*TASK DESCRIPTION:* Your job with the data below: print everything from the line that holds "(1)表示全球昼夜平分的是图" down to the line that holds "E3Live has been", ends included, exactly, and nothing else.

*DATA EXTRACT:*
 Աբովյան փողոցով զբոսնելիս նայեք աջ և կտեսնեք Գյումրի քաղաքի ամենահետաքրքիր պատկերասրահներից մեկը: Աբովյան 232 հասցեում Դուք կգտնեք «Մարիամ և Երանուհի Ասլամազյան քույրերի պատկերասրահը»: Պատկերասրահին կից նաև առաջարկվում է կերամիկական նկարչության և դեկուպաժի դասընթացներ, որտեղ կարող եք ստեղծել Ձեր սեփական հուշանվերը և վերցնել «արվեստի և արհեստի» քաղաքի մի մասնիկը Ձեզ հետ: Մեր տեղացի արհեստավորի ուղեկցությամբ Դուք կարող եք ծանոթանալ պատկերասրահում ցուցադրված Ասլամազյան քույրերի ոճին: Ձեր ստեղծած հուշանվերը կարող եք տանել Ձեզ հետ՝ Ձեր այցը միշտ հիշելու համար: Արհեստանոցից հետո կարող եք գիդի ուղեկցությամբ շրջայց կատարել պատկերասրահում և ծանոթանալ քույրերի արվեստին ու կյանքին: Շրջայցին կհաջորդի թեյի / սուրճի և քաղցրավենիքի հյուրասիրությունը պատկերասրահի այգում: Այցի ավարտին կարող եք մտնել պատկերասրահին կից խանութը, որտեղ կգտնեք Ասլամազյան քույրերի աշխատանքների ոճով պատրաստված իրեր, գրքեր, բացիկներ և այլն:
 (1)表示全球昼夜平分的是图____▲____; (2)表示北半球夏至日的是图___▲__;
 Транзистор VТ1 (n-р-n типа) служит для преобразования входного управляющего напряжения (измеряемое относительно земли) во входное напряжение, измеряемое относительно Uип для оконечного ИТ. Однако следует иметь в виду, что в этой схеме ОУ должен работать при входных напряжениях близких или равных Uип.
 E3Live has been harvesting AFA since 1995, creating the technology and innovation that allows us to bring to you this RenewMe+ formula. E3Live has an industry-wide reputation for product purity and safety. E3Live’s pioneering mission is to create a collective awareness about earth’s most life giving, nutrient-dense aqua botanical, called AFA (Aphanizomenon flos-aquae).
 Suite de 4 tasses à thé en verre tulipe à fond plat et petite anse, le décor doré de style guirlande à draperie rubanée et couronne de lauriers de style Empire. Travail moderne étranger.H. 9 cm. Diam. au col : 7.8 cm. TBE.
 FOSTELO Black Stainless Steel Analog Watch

--

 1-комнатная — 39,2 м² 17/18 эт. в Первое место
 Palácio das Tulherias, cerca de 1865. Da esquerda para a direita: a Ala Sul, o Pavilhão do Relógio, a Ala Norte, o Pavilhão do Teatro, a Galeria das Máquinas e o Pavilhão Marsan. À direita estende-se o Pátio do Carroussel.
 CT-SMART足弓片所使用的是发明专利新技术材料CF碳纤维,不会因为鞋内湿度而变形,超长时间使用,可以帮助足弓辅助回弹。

*FINISHED TASK:*
 (1)表示全球昼夜平分的是图____▲____; (2)表示北半球夏至日的是图___▲__;
 Транзистор VТ1 (n-р-n типа) служит для преобразования входного управляющего напряжения (измеряемое относительно земли) во входное напряжение, измеряемое относительно Uип для оконечного ИТ. Однако следует иметь в виду, что в этой схеме ОУ должен работать при входных напряжениях близких или равных Uип.
 E3Live has been harvesting AFA since 1995, creating the technology and innovation that allows us to bring to you this RenewMe+ formula. E3Live has an industry-wide reputation for product purity and safety. E3Live’s pioneering mission is to create a collective awareness about earth’s most life giving, nutrient-dense aqua botanical, called AFA (Aphanizomenon flos-aquae).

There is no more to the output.